--- Data under study Enclosed Below ---

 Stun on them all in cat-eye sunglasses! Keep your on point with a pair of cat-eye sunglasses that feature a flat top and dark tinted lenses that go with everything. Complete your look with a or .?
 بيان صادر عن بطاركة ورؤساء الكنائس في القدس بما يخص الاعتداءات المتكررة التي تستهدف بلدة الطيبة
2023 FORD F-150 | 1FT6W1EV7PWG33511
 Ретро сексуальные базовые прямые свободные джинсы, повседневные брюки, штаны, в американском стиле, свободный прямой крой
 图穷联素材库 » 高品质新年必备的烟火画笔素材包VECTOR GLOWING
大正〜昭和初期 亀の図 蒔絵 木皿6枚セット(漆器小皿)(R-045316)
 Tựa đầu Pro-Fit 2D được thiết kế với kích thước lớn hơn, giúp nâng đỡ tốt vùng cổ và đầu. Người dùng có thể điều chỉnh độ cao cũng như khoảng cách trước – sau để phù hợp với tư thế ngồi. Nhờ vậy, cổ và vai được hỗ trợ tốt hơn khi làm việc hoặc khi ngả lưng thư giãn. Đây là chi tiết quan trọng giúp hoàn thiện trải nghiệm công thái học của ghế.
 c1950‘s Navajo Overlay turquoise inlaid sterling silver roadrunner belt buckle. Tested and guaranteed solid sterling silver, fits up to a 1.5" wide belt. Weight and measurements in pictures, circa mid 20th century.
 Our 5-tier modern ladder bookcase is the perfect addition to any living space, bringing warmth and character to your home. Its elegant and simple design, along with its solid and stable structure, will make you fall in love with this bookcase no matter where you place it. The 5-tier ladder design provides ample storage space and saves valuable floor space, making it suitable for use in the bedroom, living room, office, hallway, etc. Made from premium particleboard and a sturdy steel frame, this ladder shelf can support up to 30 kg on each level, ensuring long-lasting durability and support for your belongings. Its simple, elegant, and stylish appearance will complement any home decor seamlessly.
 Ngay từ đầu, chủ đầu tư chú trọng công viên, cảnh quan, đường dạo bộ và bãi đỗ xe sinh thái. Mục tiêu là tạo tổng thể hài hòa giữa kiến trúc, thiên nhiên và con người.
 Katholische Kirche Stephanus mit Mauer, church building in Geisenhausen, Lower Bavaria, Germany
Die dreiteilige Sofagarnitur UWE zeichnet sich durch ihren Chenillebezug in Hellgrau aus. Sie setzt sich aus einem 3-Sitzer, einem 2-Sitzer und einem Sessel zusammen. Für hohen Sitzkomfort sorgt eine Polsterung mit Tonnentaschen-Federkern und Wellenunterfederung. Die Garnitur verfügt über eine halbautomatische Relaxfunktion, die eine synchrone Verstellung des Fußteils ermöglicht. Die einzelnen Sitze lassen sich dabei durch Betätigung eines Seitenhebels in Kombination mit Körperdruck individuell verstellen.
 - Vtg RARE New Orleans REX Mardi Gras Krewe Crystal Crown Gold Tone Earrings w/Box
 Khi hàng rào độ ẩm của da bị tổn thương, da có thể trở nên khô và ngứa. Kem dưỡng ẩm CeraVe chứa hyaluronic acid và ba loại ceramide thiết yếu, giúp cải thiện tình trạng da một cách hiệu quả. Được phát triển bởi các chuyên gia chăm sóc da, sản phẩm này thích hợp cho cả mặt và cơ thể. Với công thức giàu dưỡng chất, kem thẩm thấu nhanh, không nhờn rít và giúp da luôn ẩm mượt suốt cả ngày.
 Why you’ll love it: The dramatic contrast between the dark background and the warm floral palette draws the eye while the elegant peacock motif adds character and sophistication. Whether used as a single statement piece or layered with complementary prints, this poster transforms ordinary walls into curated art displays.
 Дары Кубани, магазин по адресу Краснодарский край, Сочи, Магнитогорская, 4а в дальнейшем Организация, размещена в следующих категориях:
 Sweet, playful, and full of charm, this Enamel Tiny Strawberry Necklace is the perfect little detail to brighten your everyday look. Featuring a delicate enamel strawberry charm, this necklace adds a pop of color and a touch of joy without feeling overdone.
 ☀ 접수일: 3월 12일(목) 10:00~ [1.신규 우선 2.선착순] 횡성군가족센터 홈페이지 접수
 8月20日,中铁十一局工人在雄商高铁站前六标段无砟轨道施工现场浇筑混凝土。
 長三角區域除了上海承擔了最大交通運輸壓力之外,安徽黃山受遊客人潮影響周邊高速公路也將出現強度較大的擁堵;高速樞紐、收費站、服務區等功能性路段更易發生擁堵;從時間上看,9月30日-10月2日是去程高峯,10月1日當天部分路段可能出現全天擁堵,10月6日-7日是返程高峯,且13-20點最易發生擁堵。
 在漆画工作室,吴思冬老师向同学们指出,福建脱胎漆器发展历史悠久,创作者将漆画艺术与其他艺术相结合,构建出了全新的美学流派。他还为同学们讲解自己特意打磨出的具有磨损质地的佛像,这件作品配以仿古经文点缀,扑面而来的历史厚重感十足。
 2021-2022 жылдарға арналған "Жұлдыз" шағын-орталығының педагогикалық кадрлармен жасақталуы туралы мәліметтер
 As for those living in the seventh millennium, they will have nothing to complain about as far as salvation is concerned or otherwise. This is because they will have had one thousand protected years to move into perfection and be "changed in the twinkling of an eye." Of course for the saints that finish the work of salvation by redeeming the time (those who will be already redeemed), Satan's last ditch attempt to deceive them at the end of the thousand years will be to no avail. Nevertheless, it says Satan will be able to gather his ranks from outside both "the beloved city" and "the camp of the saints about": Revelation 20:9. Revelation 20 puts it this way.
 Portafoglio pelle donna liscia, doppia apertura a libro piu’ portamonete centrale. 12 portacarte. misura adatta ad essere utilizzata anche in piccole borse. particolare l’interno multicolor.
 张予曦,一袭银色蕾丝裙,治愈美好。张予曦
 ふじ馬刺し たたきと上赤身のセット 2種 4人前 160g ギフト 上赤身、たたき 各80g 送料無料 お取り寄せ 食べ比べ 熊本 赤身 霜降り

--- End of Enclosed Data under study ---

### Directions for this task
When a line in the records holds the string "trọng", copy that line.

### Reply
 Tựa đầu Pro-Fit 2D được thiết kế với kích thước lớn hơn, giúp nâng đỡ tốt vùng cổ và đầu. Người dùng có thể điều chỉnh độ cao cũng như khoảng cách trước – sau để phù hợp với tư thế ngồi. Nhờ vậy, cổ và vai được hỗ trợ tốt hơn khi làm việc hoặc khi ngả lưng thư giãn. Đây là chi tiết quan trọng giúp hoàn thiện trải nghiệm công thái học của ghế.
 Ngay từ đầu, chủ đầu tư chú trọng công viên, cảnh quan, đường dạo bộ và bãi đỗ xe sinh thái. Mục tiêu là tạo tổng thể hài hòa giữa kiến trúc, thiên nhiên và con người.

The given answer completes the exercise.